Оценить:
 Рейтинг: 0

Два брата

<< 1 ... 28 29 30 31 32 33 34 35 36 ... 102 >>
На страницу:
32 из 102
Настройки чтения
Размер шрифта
Высота строк
Поля

– Вы, кум, толком сказывайте. Пороть хотели?

– Ведь взыскать приказано. Надо было как-нибудь, а они, как идолы, уперлись, галдят – не согласны, не дадим… А толпа все больше… Вижу – сопротивление власти, никакие вразумления… Мы с ними, – указал он на спутника, – в правление, а оттуда задами… Старшина доложил, что они стали терзать волостного писаря и поймали Потапа Осиповича… Пожалуй, умертвят. Совсем рассвирепели, как звери. Что сделаешь с ними, с подлецами? – с каким-то отчаянием в голосе произнес рыжеватенький пристав. – Озверели! Пусть Иван Алексеевич как хочет, а по мне, без солдат ничего теперь не поделаешь! Ворочайтесь-ка, кум, подобру-поздорову… Не ровен час… Они уж два дома разнесли.

– Никодим Егорыч! – начал Лаврентьев, слезая с тележки, – знаете ли, что я скажу? Вернемтесь-ка назад в Залесье… Я бунт этот мигом окончу… Верь, любезный человек, моему слову. Со страху мало ли что показалось… Слава богу, я залесских мужиков знаю…

В ответ оба чиновника замахали руками, а «кум» взглянул на Лаврентьева, видимо обиженный.

– Не подымайте, братцы, истории, – продолжал Лаврентьев. – Пожалейте народ-то. Помните, Никодим Егорыч, такое же дело, три года тому назад? Тоже и вашему брату попало… Послушайте доброго совета! Видно, Захарку к Ивану Алексеевичу услали? Он давеча проскакал как оглашенный… Так мы вдогонку сейчас же… Иван Алексеевич свой человек… Идет, что ли, кум?

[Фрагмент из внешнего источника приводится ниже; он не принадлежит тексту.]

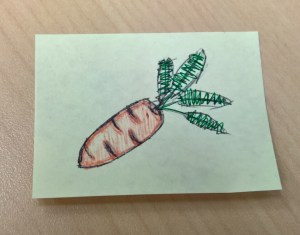 This carrot doodle ended up on 💄’s cube wall though.  It was just as quick doodle after lunch one time with a ballpoint and maybe a gel ink pen?  I forget exactly.
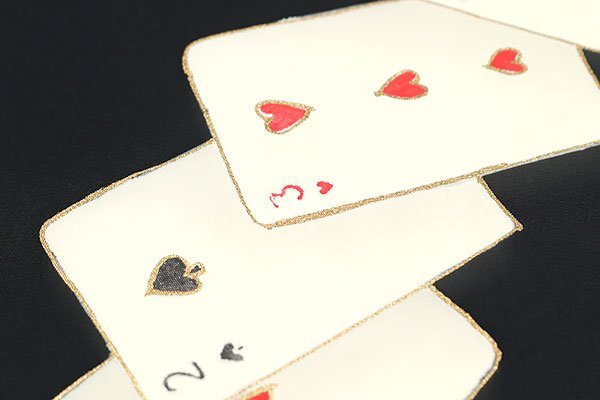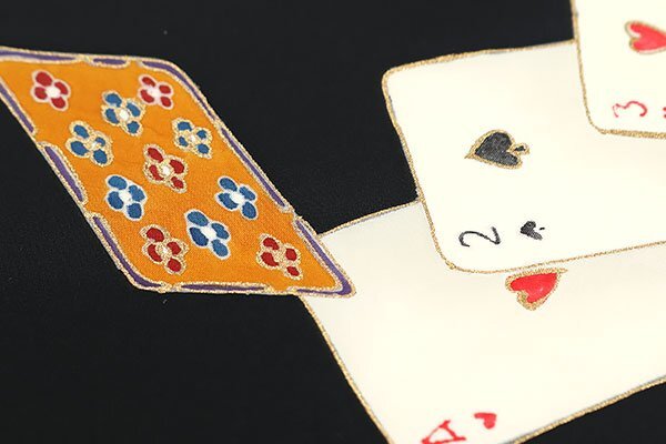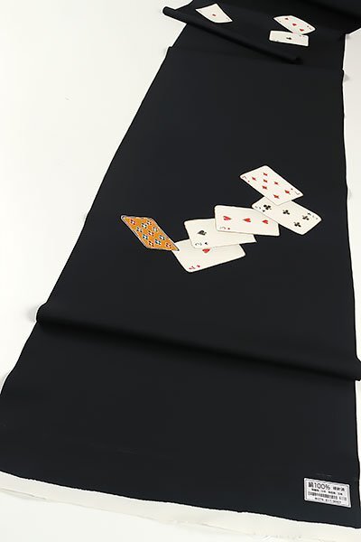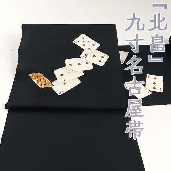 | ◆タイトル◆ | 和遊館 ONK2943 北畠 五泉 塩瀬 九寸 名古屋帯 トランプ 黒色 |
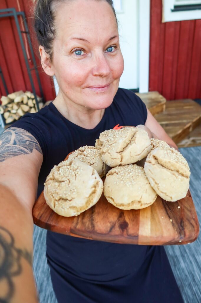 Vi åt dem på altanen. Nybakt bröd, kaffe i handen och sommarens första tystnad. Tony tyckte dom var sååååå goda, kan säga att den där påsen med frallorna försvann i ett nafs. 😂 Och så mysigt vi hade när vi satt där. Tystnaden ute på landet är något helt annat. Det är som att hjärnan slappnar av totalt, älskar älskar det.
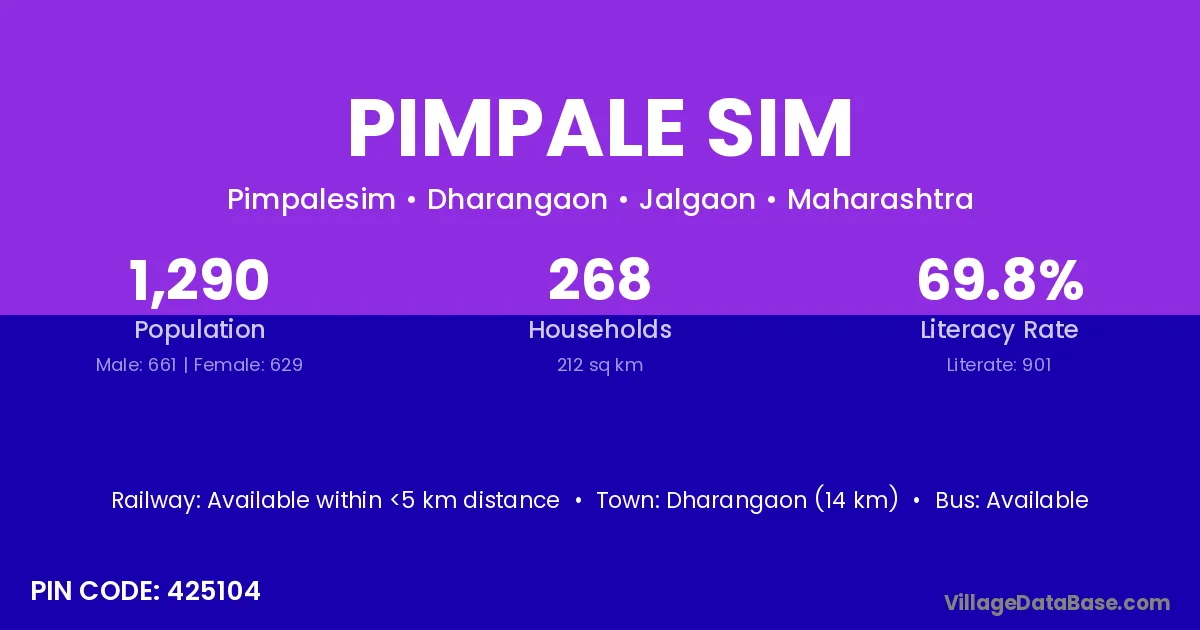 Dharangaon (14 km) is the nearest town to Pimpale Sim village for major economic activities and is located approximately 14 km away.

– Я даже удивляюсь, Григорий Николаевич, как вы, не зная обстоятельств… Я, слава богу, народ тоже знаю… Они, наверное, убили бы нас, а вы рекомендуете ехать на убой… Благодарим покорно! Не угодно ли одним ехать, а наше дело по начальству…

– Никодим Егорович! По-приятельски… Вылезайте-ка, что я скажу…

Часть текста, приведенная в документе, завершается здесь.